Page MenuHomePhabricator

frwiki dump from 20181020 contains incomplete data
Closed, ResolvedPublic

Description

Many files look too small in https://dumps.wikimedia.org/frwiki/20181020/. For instance, pages-meta-current decreased by 38% compared to the previous dump:
frwiki-20181001-pages-meta-current.xml.bz2 5.5 GB
frwiki-20181020-pages-meta-current.xml.bz2 3.4 GB

Event Timeline

Some of the stub dumps have incomplete data, almost certainly due to T207628. I'll audit all stub dumps and rerun any that are short, along with the recombine steps and the various page content dumps.

I've checked all wikis that have fewer pages in stubs from the Oct 20 run than the Oct 1 run. The following wikis need reruns of some jobs: frwiki, trwiki, arwiki
I'll determine which stub files are incomplete, rerun those and then rerun the steps dependent on those new files.
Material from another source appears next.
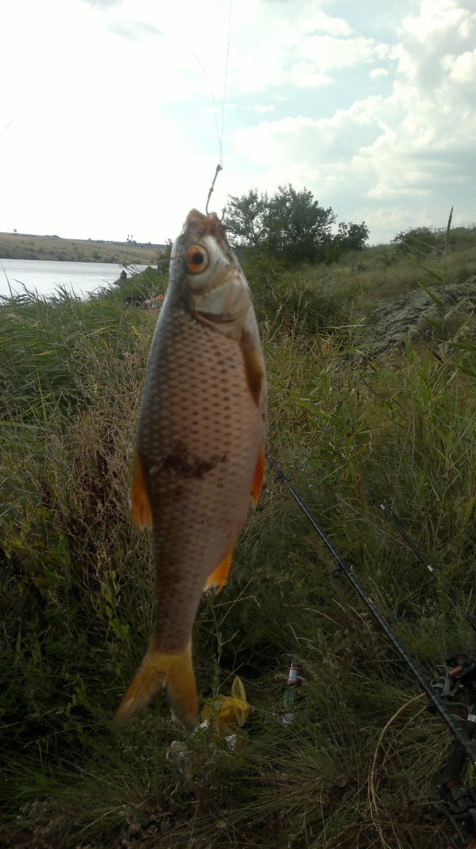 с пятницы на субботу снова посетили водоем .хотели в район острова но так как перспекиврыбместа там ограничены решили не рисковать и проехали немного дальше .стали рыбачить между островом и новоразановкой.может глубины а может жара но в прошлый раз клев был интенсивнее, а в улове в основном были виздесущие козлики ,плотва если и радовала то временами на поплавчанки.хищник наоборот свою активность не убавил окунь утром рвал и метал .изменились разценки берег 30 лодка 50 гривней.в суботу кратковременый шторм протрубил шабаш проиятно уставшие рванули подомам:ok:

Jobs and parts of jobs that need to be rerun:

  • frwiki: stubs articles, meta-current, meta-history 3 and 6 ; pages-articles, pages-meta-current 3 and 6; stubs recombine; pages-articles recombine; pages-meta-current recombine; multistream-bz2
  • arwiki: stubs articles, meta-current, meta-history 4; pages-articles, pages-meta-current 4; stubs recombine; pages-articles recombine; pages-meta-current recombine; multistream-bz2
  • trwiki: stubs articles, meta-current, meta-history (entire file); pages-articles, pages-meta-current (entire file); multistream-bz2

I believe all the bad files have been moved out of the way and status files updated with failure for the specific jobs; I have rescheduled the dumps cron and it has restarted on snapshot1009. I'll be keeping an eye on it to make sure all the files and jobs we want are rerun.

All three wikis seem to have rerun the corresponding stubs jobs and are progressing slowly through the rest of the steps. I'll be checking on them this weekend, and double-checking to be sure that all the content is there too.

ArielGlenn claimed this task.

All three wikis have completed their runs and the files look complete. Closing this ticket.